Segment Open
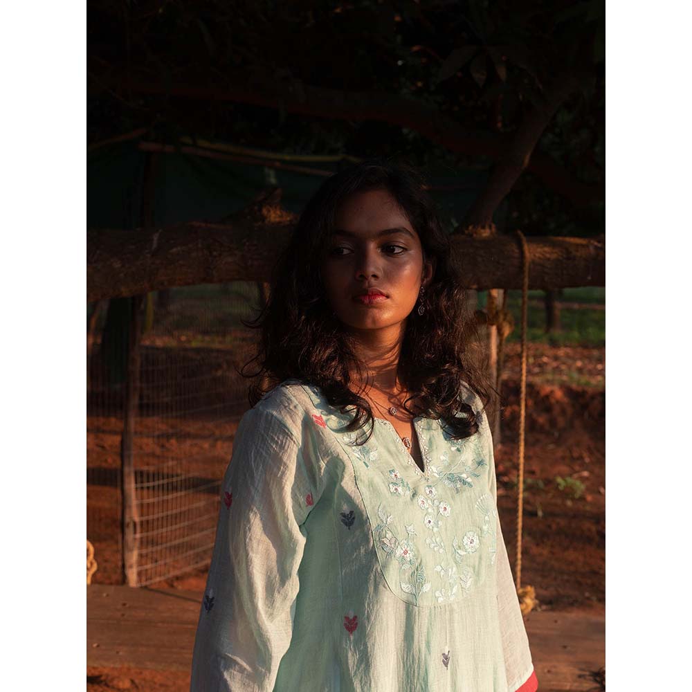 Label Earthen Aqua Blue Yoke Hand Embroidery Detailing Kurta and Trouser (Set of 2)
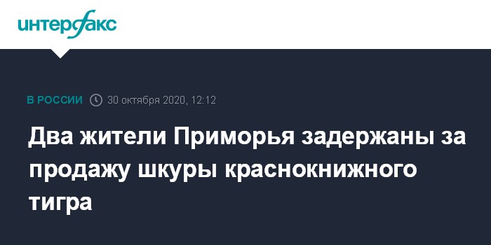 Москва. 30 октября. INTERFAX.RU - Два жителя Приморья стали фигурантами уголовного дела о продаже шкуры амурского тигра иностранцу.
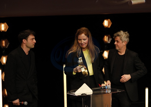 Exclusif - Arthur Harari, Justine Triet (meilleur film pour Anatomie d'une chutte) - 29ème Cérémonie des Lumières de la presse internationale au Forum des Images à Paris le 22 janvier 2024. © Coadic Guirec - Marc Ausset-Lacroix / Bestimage Exclusive - For Germany call for price - 29th International Press Lights Ceremony at the Forum des Images in Paris on January 22, 2024. No Web - Belgium and Switzerland
Segment Closed
### Instructions for the task:
Could you return the whole listing exactly, images excluded?

### Reply to the exercise:
 Label Earthen Aqua Blue Yoke Hand Embroidery Detailing Kurta and Trouser (Set of 2)
 Москва. 30 октября. INTERFAX.RU - Два жителя Приморья стали фигурантами уголовного дела о продаже шкуры амурского тигра иностранцу.
 Exclusif - Arthur Harari, Justine Triet (meilleur film pour Anatomie d'une chutte) - 29ème Cérémonie des Lumières de la presse internationale au Forum des Images à Paris le 22 janvier 2024. © Coadic Guirec - Marc Ausset-Lacroix / Bestimage Exclusive - For Germany call for price - 29th International Press Lights Ceremony at the Forum des Images in Paris on January 22, 2024. No Web - Belgium and Switzerland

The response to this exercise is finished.